DATA BELOW: Begin

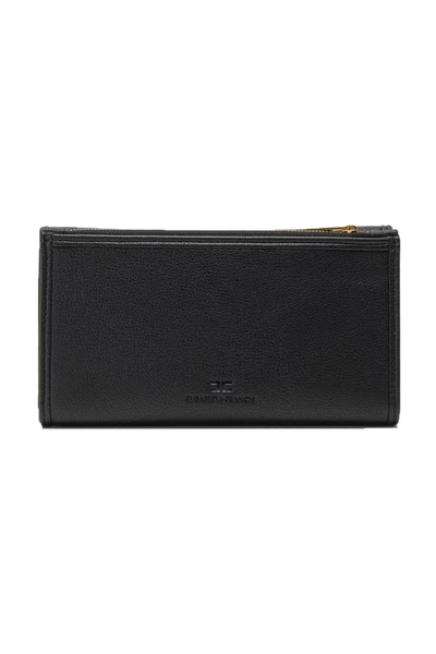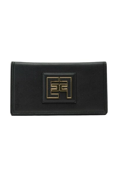 Elisabetta franchi-portefeuilles zwarte trifold model portemonnee in granaat-print imitatie leer, voor motief, metalen logo-plaquette en kleur gematcht inleg. Goudkleurig galvanisch. Afneembare mini -serviceketen. Dubbele draagbaarheid met de hand of schouder. Details: – Samenstelling: 59% polyester 22% houtstof 19% polyurethaan – Grootte: 21,5 cm x 12 cm x 1,5 cm
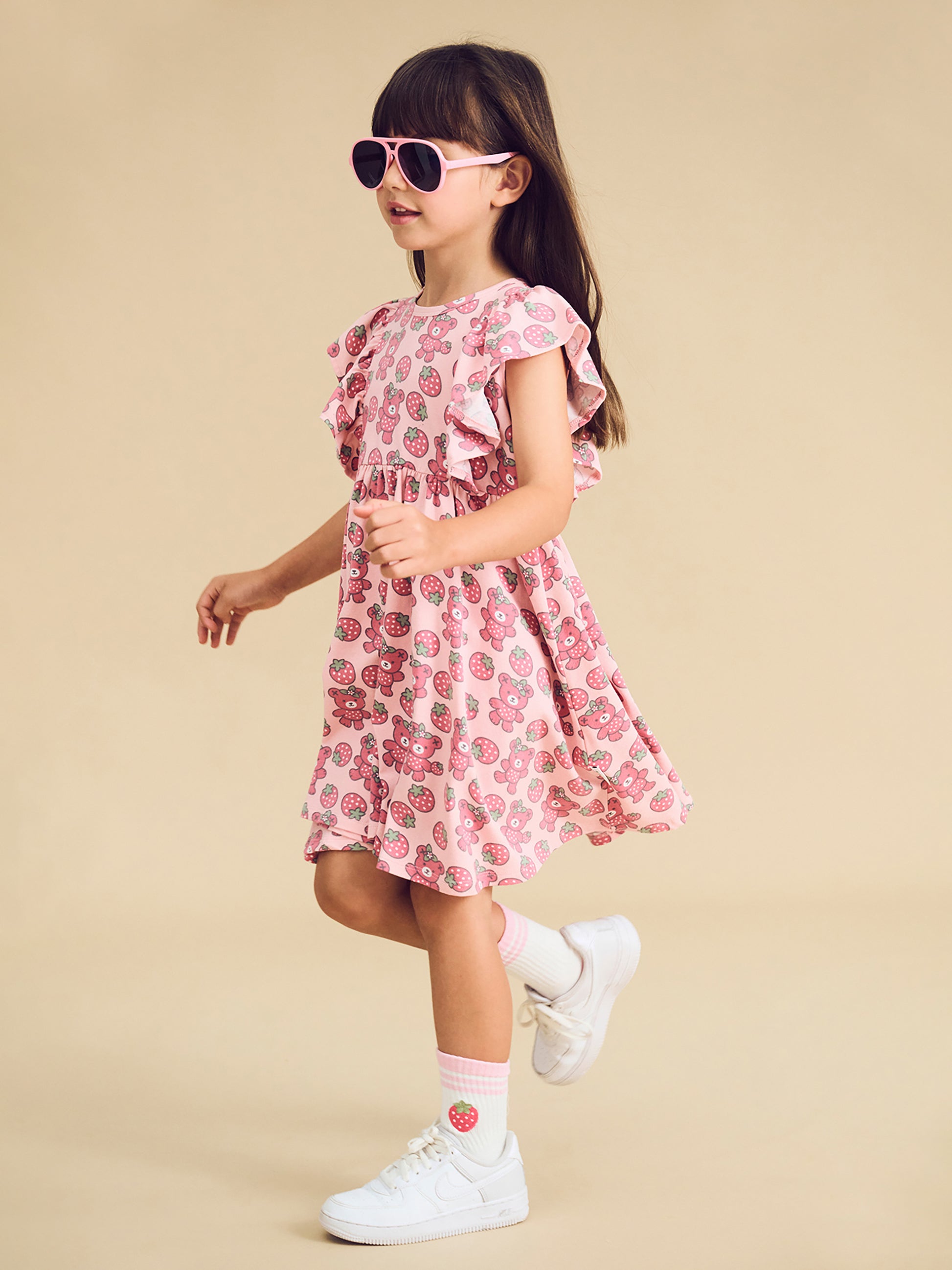 - Super soft, premium organic cotton jersey dress with all over berry bear print and frill sleeves
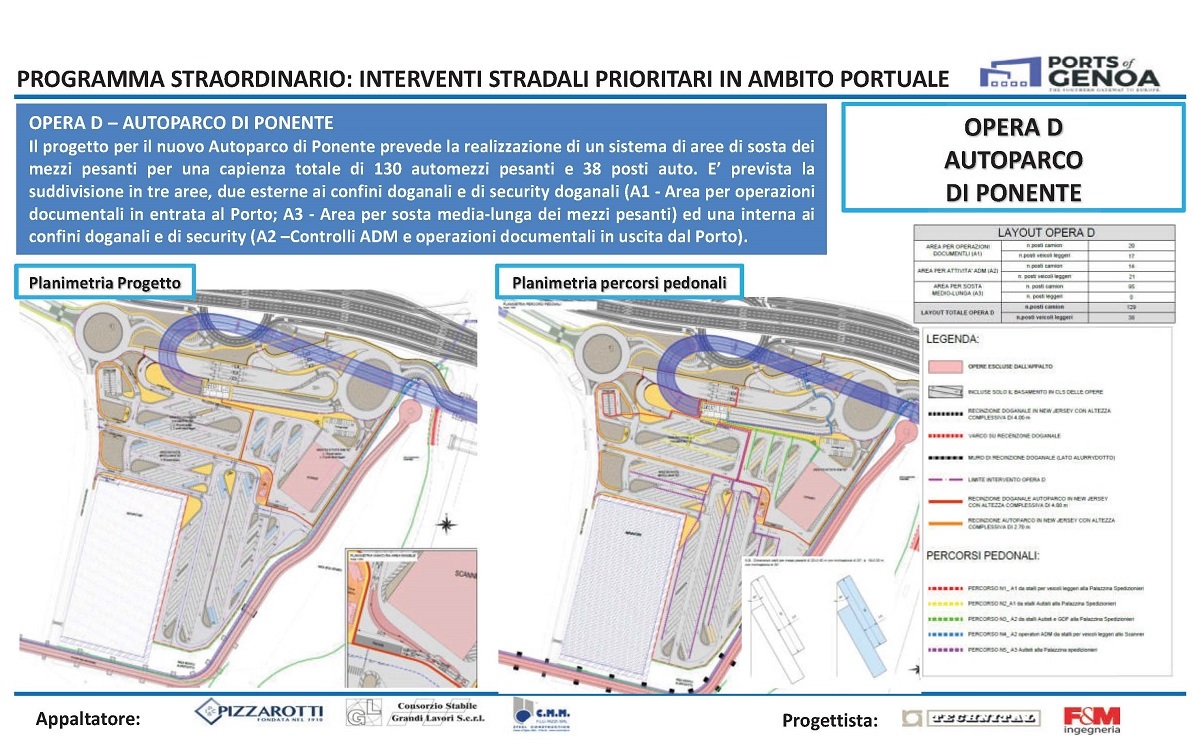 Come ricorda la nota dell’ente, l’appalto ricomprende opere programmate da anni: “Nuovo varco di ponente, il nuovo Ponte del Papa, via Superba, prolungamento sopraelevata esistente, nuovo viadotto di collegamento S. Benigno a calata Bettolo, nuovo varco Etiopia in quota, demolizione e ricostruzione del viadotto Siffredi”. Prevista anche la realizzazione dell’autoparco di ponente, che, stando alla documentazione resa disponibile dalla stessa port authority, parrebbe insistere sull’area cosiddetta Erzelli 2, nel 2020 concessa però (da Società per Cornigliano) per 2 anni (con opzione di rinnovo triennale) al gruppo Spinelli per gestirvi un deposito di vuoti.
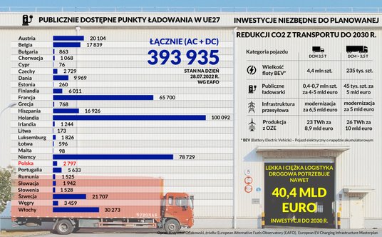 Tylko do końca dekady infrastruktura dla lekkiej i ciężkiej logistyki potrzebuje nawet 40,4 mld euro, nie licząc kosztu wymiany floty, który spadnie na firmy transportowe. Te nadal kupują pojazdy spalinowe i czekają z elektryfikacją, ponieważ brakuje zachęt, elektryki są drogie, a rynek energii nieprzewidywalny. Poza tym nie ma ładowarek, a konkurencyjność cenowa pojazdów ciężkich spodziewana jest dopiero za 12 lat.

DATA BELOW: End

> _EXERCISE DESCRIPTION_
Beginning with the line containing "Come ricorda la" and ending with the last line of the data above, repeat each line exactly. Include no pictures and no other lines.

> _RESPONSE AREA_
 Come ricorda la nota dell’ente, l’appalto ricomprende opere programmate da anni: “Nuovo varco di ponente, il nuovo Ponte del Papa, via Superba, prolungamento sopraelevata esistente, nuovo viadotto di collegamento S. Benigno a calata Bettolo, nuovo varco Etiopia in quota, demolizione e ricostruzione del viadotto Siffredi”. Prevista anche la realizzazione dell’autoparco di ponente, che, stando alla documentazione resa disponibile dalla stessa port authority, parrebbe insistere sull’area cosiddetta Erzelli 2, nel 2020 concessa però (da Società per Cornigliano) per 2 anni (con opzione di rinnovo triennale) al gruppo Spinelli per gestirvi un deposito di vuoti.
 Tylko do końca dekady infrastruktura dla lekkiej i ciężkiej logistyki potrzebuje nawet 40,4 mld euro, nie licząc kosztu wymiany floty, który spadnie na firmy transportowe. Te nadal kupują pojazdy spalinowe i czekają z elektryfikacją, ponieważ brakuje zachęt, elektryki są drogie, a rynek energii nieprzewidywalny. Poza tym nie ma ładowarek, a konkurencyjność cenowa pojazdów ciężkich spodziewana jest dopiero za 12 lat.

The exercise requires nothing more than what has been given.